# [EXERCISE DETAILS]
Transcribe word for word the section of the records below that opens with the line containing "Wohnzimmer OG Visualisiert" and closes with the line containing "ハワイ4島クルーズゴルフ"; drop every picture.

# [INFORMATION PROVIDED]

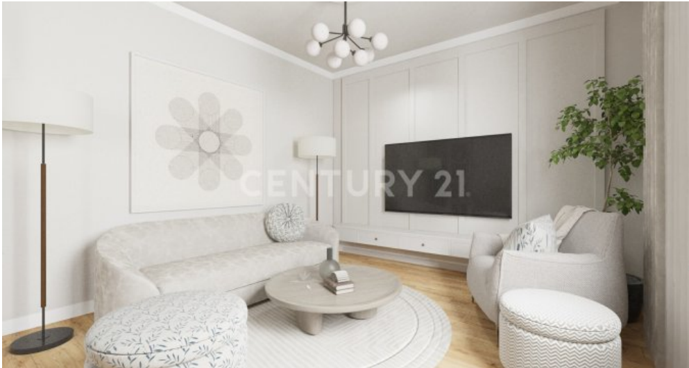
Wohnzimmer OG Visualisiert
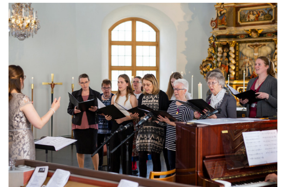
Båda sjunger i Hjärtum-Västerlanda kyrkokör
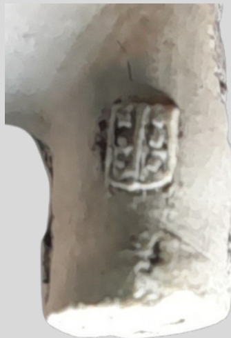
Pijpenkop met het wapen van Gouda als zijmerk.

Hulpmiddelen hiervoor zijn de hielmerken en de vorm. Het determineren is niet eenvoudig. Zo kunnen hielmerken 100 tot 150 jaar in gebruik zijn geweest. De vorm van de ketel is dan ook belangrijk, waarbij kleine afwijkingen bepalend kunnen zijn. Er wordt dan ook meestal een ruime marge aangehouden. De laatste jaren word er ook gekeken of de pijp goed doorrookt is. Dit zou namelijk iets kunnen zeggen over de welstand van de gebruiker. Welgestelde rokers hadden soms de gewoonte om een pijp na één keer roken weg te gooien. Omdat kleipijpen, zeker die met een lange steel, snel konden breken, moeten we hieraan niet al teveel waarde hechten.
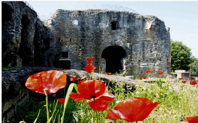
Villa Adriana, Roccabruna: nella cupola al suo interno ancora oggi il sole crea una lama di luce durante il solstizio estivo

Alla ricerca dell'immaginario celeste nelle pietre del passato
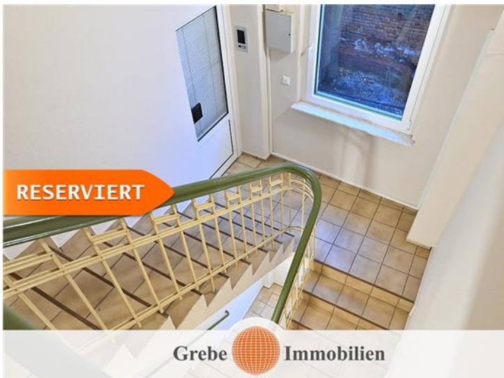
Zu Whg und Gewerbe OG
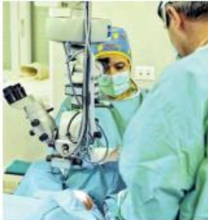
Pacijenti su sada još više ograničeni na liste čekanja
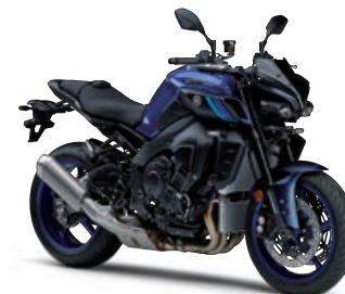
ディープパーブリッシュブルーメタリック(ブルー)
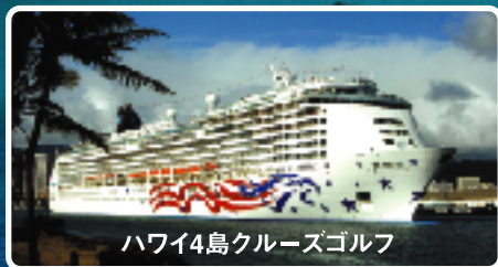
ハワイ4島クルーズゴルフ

* * *

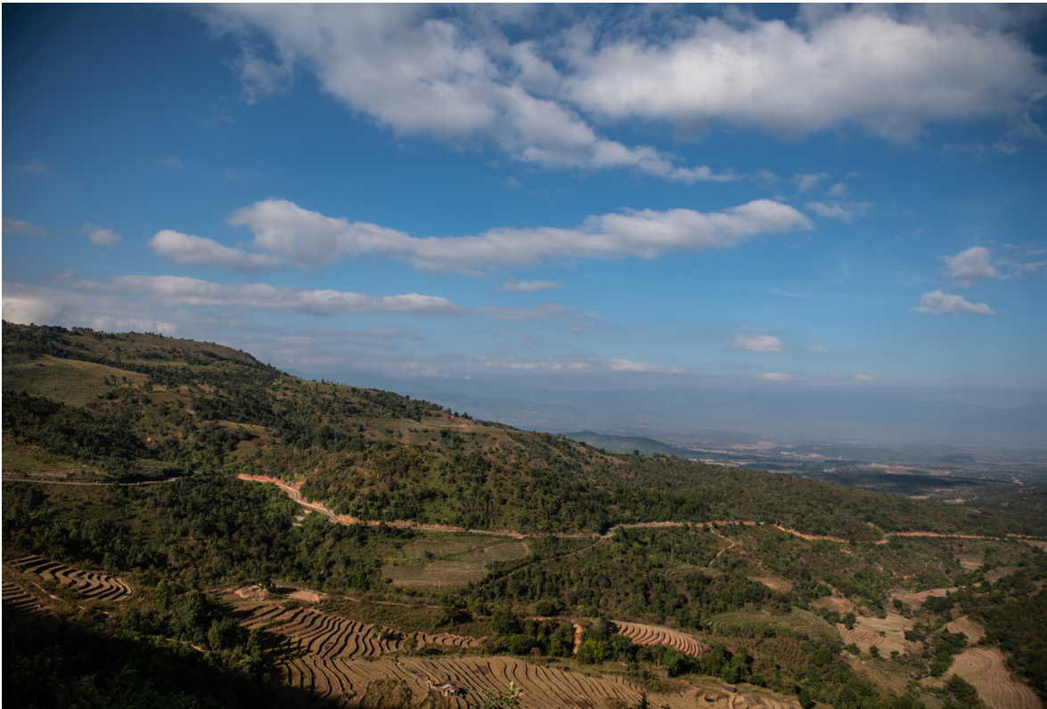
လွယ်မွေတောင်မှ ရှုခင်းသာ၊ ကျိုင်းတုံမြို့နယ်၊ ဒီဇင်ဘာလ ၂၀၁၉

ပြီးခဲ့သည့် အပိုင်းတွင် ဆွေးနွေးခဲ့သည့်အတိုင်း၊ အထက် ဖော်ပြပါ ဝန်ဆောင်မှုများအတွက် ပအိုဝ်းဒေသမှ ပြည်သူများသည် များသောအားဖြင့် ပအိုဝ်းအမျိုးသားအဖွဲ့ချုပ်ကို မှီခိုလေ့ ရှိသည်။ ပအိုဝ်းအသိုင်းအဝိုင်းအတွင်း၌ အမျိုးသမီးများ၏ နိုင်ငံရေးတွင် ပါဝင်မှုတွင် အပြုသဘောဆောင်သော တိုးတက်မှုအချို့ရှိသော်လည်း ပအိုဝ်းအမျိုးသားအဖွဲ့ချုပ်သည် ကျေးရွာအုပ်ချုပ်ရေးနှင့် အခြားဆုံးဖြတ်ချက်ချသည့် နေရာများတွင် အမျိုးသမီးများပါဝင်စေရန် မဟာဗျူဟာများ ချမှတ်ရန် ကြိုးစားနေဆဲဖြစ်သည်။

# [EXERCISE RESPONSE]
Wohnzimmer OG Visualisiert
Båda sjunger i Hjärtum-Västerlanda kyrkokör
Pijpenkop met het wapen van Gouda als zijmerk.

Hulpmiddelen hiervoor zijn de hielmerken en de vorm. Het determineren is niet eenvoudig. Zo kunnen hielmerken 100 tot 150 jaar in gebruik zijn geweest. De vorm van de ketel is dan ook belangrijk, waarbij kleine afwijkingen bepalend kunnen zijn. Er wordt dan ook meestal een ruime marge aangehouden. De laatste jaren word er ook gekeken of de pijp goed doorrookt is. Dit zou namelijk iets kunnen zeggen over de welstand van de gebruiker. Welgestelde rokers hadden soms de gewoonte om een pijp na één keer roken weg te gooien. Omdat kleipijpen, zeker die met een lange steel, snel konden breken, moeten we hieraan niet al teveel waarde hechten.
Villa Adriana, Roccabruna: nella cupola al suo interno ancora oggi il sole crea una lama di luce durante il solstizio estivo

Alla ricerca dell'immaginario celeste nelle pietre del passato
Zu Whg und Gewerbe OG
Pacijenti su sada još više ograničeni na liste čekanja
ディープパーブリッシュブルーメタリック(ブルー)
ハワイ4島クルーズゴルフ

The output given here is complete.